Mataram – Hingga saat ini Presiden Joko Widodo belum kunjung mengesahkan Peraturan Presiden (Perpres) tentang Publisher Rights atau Jurnalisme Berkualitas. Padahal sejumlah organisasi pers dan organisasi media telah menyepakati lahirnya regulasi tersebut.
Ketua Komunitas Kabar Baik, Satria Zulfikar Rasyid mengatakan regulasi tersebut dipandang perlu untuk melahirkan jurnalisme yang sehat di tanah air dan tentunya menekan peredaran informasi hoax.

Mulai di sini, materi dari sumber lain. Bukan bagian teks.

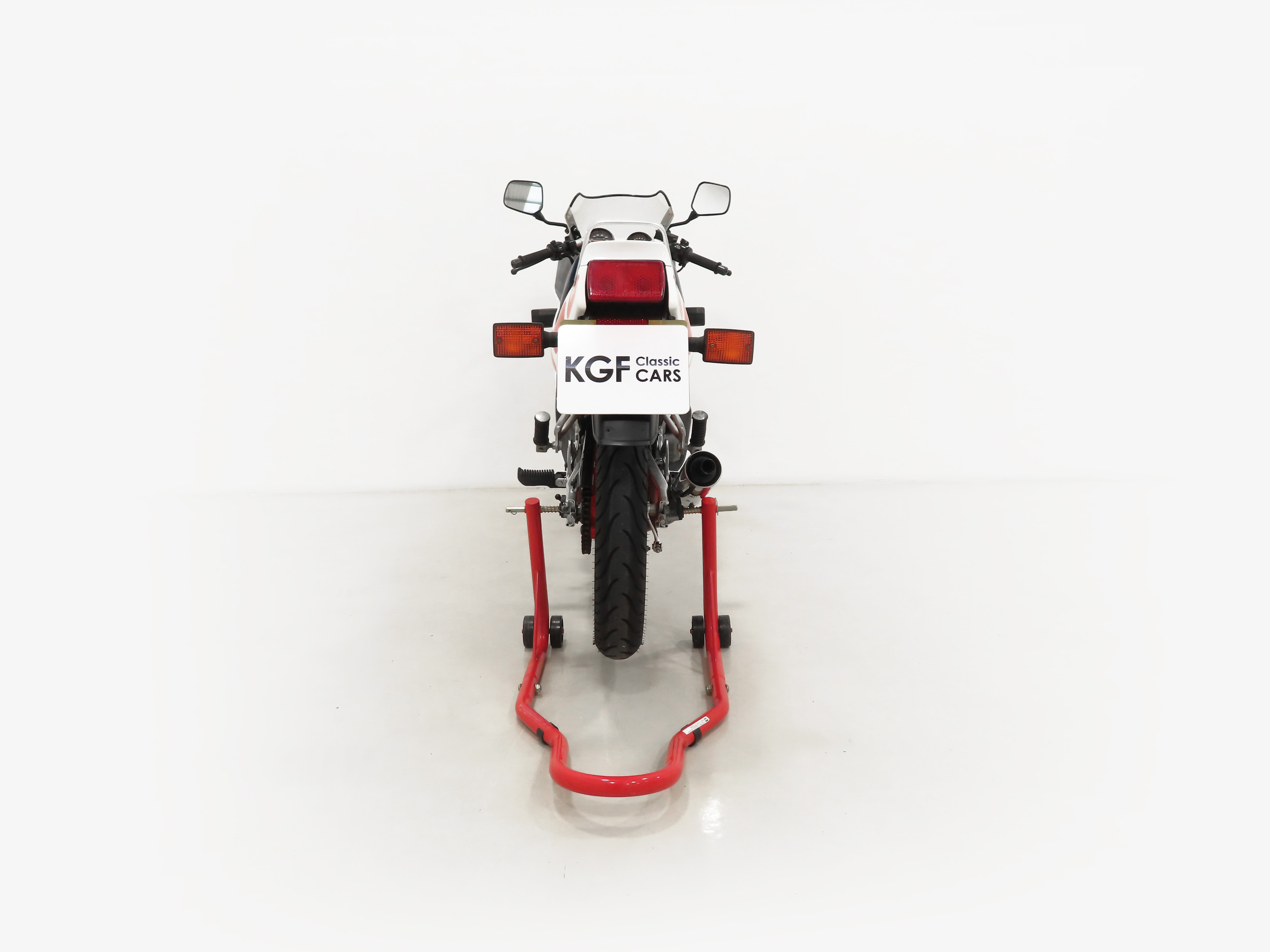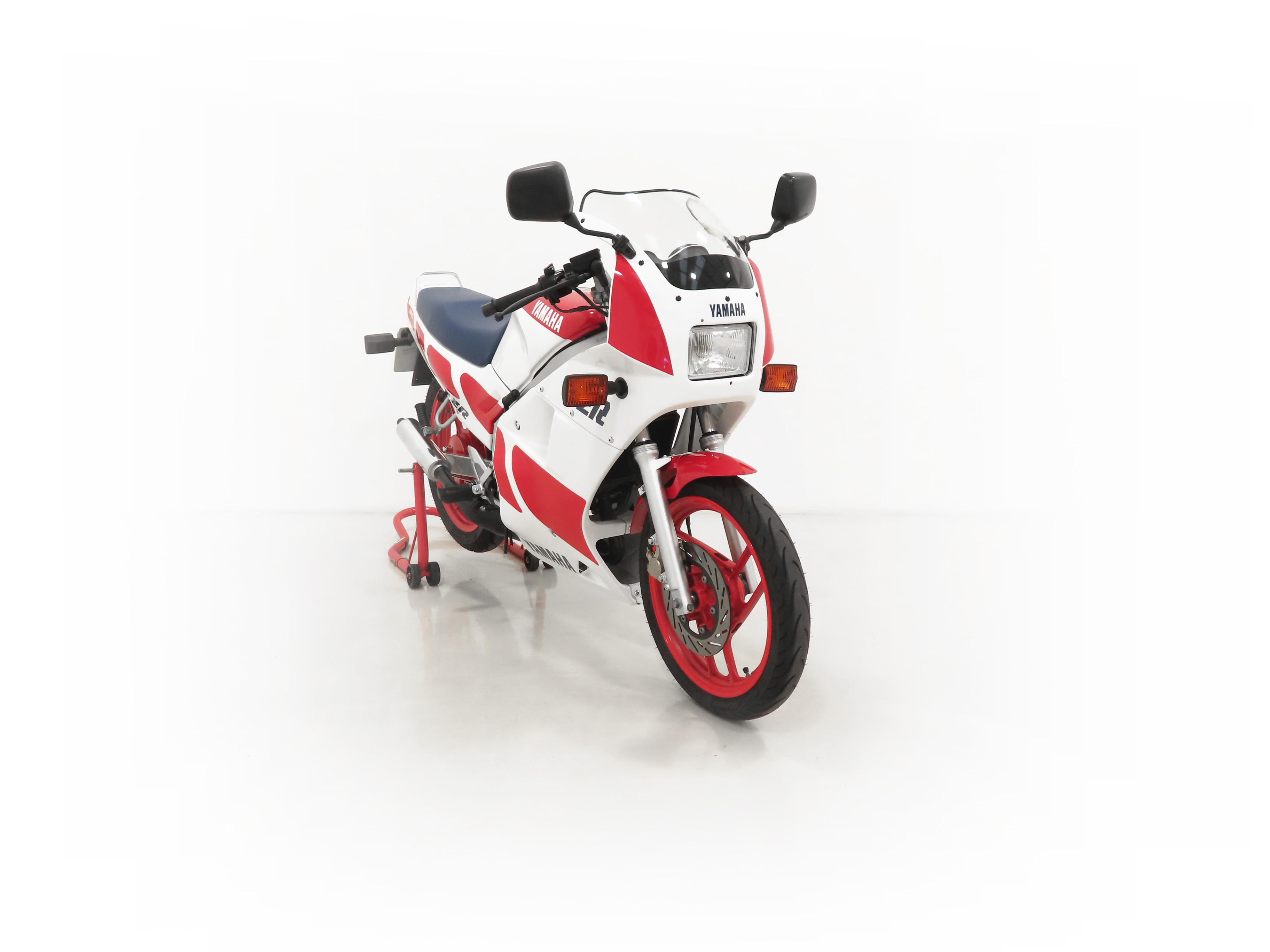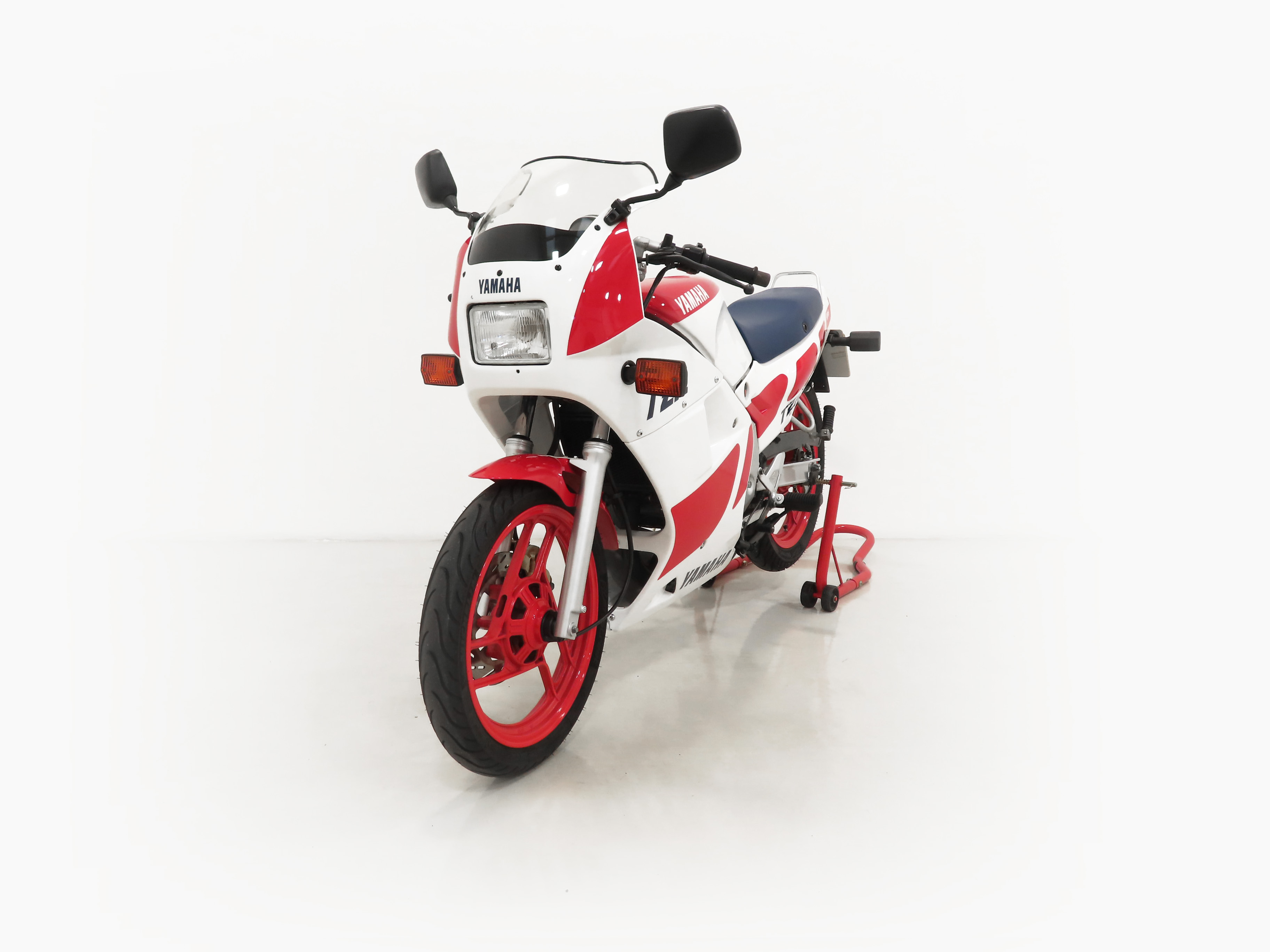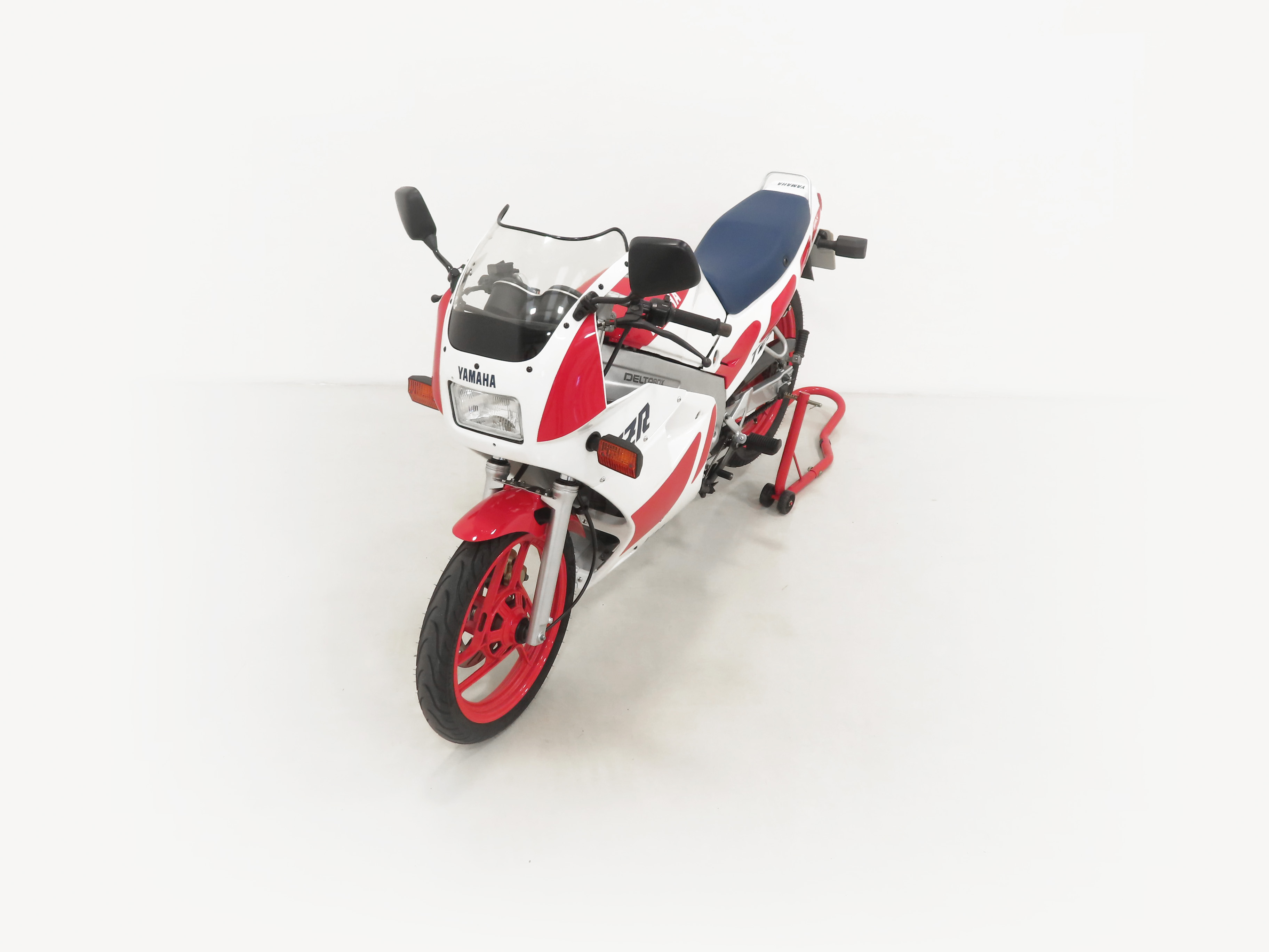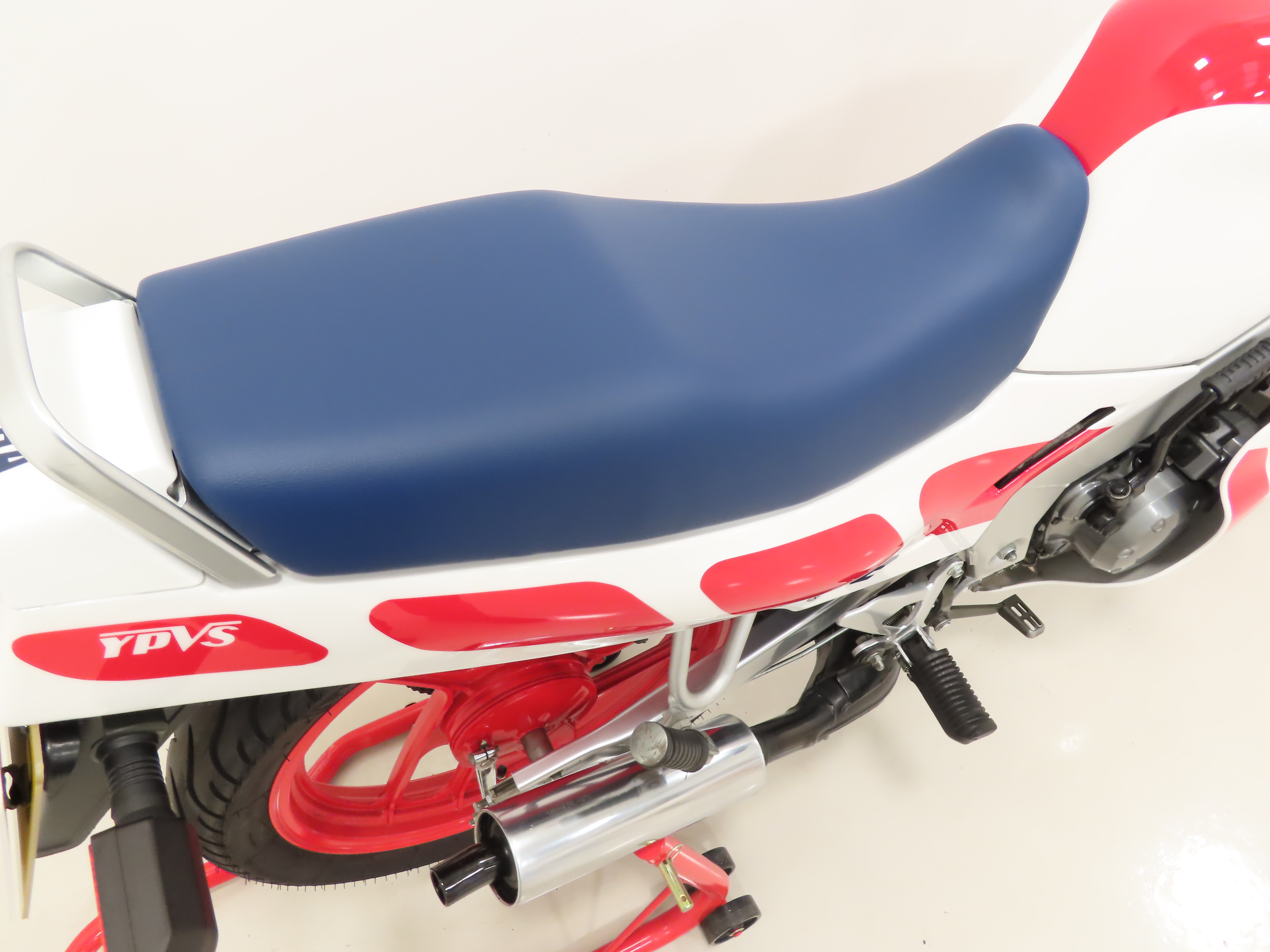 Following on from the traditions of Yamaha’s famous RD models but taking on groundbreaking technology, the TZR125 was yet another world-beating supersports lightweight machine. This exceptional specimen is finished in the red and white colour scheme that the bike and the optional full fairing was made with. Many components of this example are unrestored with the exception of the stunning paintwork to the tank and fairings that was entrusted to renowned Pauls Custom Paintwork of West Kingsdown who specialises in ‘all paint no stickers’ finishing. The white is done in Pearl finish so, at a glance, it appears standard but in sunlight it looks amazing with a pearl fleck. Originality is seen extensively with the original olive drab green finish to fittings as well as factory switchgear, hand grips and foot peg rubbers. The windscreen shows some faint stress crazing to the top section. Light patina to the unrestored components is fully acceptable and the bike showcases the perfect mix of pleasing originality and flawless paintwork. The seat is professionally retrimmed in the correct blue covering, underneath which is the original Yamaha toolkit. This is a very special bike.

“Saya rasa rancangan Perpres Publisher Rights ini sangat penting untuk segera disahkan oleh presiden. Mengingat salah satu klausul pasal menjelaskan peran platform digital untuk berkontribusi mencegah hoax,” katanya di Mataram, Senin 25 September 2023.
Selain menangkal hoax, melalui perpres tersebut juga mengatur tentang sistem bagi hasil antara platform digital dengan perusahaan pers. Platform digital yang menjalankan bisnis di Indonesia sudah seharusnya membayar setiap pemanfaatan konten berita pada platform tersebut.
Dijelaskan Satria, dalam klausul pasal rancangan perpres tersebut peran platform digital salah satunya adalah melakukan skema bagi hasil dengan perusahaan pers atas pemanfaatan konten berita.
“Era digital saat ini belanja iklan yang seharusnya masuk ke perusahaan pers sudah diambil oleh platform. Ini salah satu faktor yang menyebabkan media konvensional mati, seperti koran, majalah hingga radio. Belanja iklan yang masuk lebih cendrung ke platform digital,” ujarnya.
“Jadi jangan hanya mempermasalahkan social commerce seperti TikTok Shop aja, tetapi juga bagaimana raksasa teknologi itu menggerus segala pemasukan yang seharusnya diterima oleh perusahaan pers,” katanya.
Satria juga mengatakan konten kreator tidak perlu khawatir atas munculnya Perpres Jurnalisme Berkualitas, karena yang menjadi subjek hukum adalah perusahaan pers dan platform digital, bukan dengan konten kreator.
“Saya rasa yang dikhawatirkan konten kreator terlalu berlebihan. Subjek hukum dalam perpres tersebut mengatur hubungan hukum antara perusahaan pers dan platform digital, bukan dengan konten kreator,” ujarnya.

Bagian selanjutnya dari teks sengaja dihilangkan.